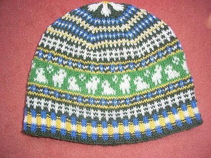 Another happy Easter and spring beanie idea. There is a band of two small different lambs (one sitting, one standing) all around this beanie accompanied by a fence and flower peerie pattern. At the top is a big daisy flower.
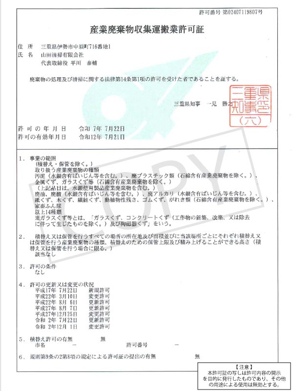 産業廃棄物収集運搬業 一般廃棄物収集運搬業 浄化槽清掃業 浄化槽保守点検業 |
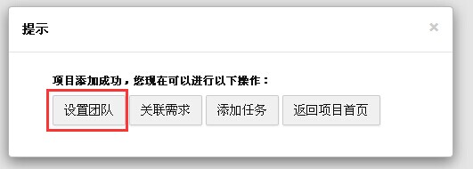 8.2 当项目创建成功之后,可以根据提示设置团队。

...

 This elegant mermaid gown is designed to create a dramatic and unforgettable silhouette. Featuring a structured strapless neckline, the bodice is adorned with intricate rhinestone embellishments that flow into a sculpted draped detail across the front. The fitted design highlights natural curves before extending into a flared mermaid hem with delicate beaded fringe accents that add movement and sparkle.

==

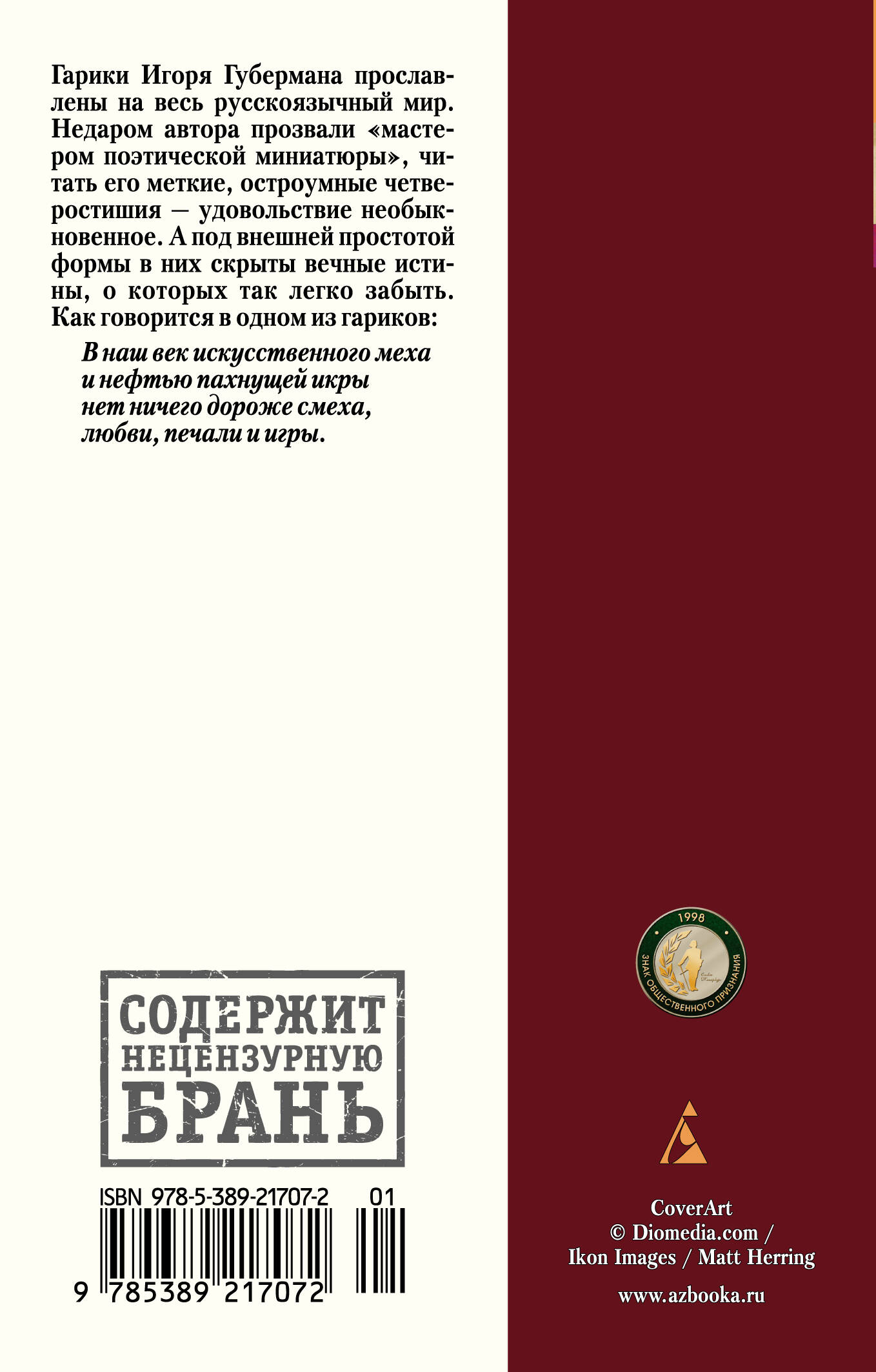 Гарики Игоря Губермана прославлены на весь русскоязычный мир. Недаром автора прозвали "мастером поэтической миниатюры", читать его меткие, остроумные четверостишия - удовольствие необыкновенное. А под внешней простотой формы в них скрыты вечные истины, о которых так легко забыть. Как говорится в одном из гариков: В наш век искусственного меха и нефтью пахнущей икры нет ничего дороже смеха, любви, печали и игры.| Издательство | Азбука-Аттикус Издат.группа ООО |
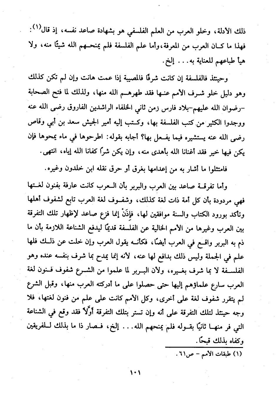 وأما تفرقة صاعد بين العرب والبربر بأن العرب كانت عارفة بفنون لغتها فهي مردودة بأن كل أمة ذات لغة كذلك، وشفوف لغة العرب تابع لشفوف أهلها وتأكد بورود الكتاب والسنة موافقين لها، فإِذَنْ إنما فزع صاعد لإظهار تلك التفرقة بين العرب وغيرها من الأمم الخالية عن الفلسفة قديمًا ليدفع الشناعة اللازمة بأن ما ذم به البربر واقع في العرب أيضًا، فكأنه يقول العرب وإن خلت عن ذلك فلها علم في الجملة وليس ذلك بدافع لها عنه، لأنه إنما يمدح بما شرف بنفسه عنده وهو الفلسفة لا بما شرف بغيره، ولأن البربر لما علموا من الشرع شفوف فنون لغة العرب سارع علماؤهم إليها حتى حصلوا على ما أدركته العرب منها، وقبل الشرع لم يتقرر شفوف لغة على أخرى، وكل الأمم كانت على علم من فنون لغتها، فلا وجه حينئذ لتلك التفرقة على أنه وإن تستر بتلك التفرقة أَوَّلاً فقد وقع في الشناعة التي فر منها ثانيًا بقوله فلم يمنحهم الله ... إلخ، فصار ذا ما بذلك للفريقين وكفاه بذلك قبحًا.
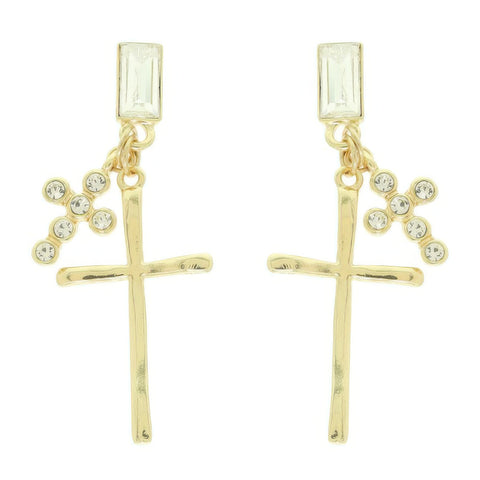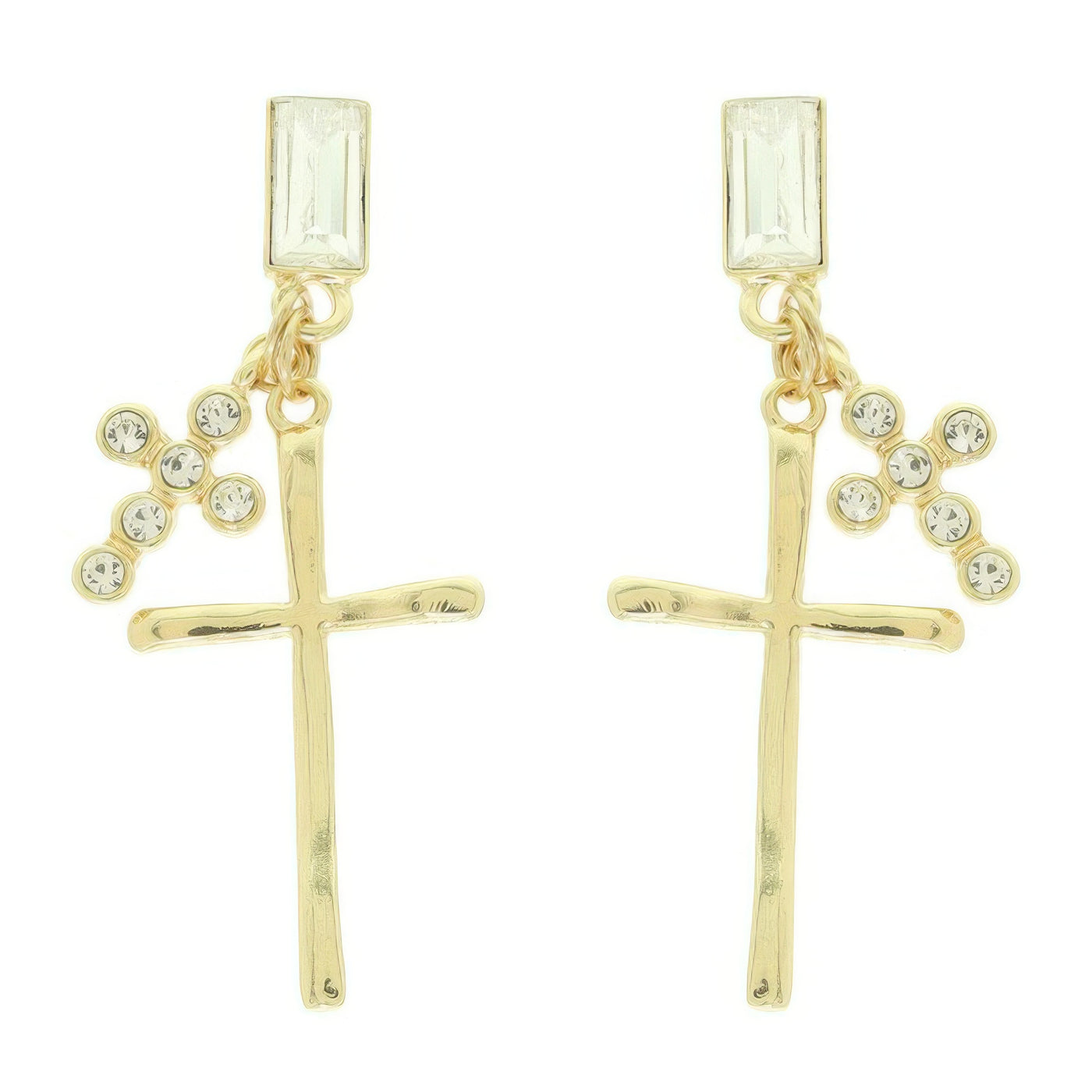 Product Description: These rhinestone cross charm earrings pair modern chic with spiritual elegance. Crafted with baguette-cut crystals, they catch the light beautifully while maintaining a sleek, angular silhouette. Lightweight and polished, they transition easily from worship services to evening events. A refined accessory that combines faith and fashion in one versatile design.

• [How to complete this task]: Would you please repeat only the lines above, beginning at the one that has "Another happy Easter" and stopping after the one that has "8.2 当项目创建成功之后,可以根据提示设置团队。", exactly and with no pictures?

• [Your solution]:
 Another happy Easter and spring beanie idea. There is a band of two small different lambs (one sitting, one standing) all around this beanie accompanied by a fence and flower peerie pattern. At the top is a big daisy flower.
 産業廃棄物収集運搬業 一般廃棄物収集運搬業 浄化槽清掃業 浄化槽保守点検業 |
 8.2 当项目创建成功之后,可以根据提示设置团队。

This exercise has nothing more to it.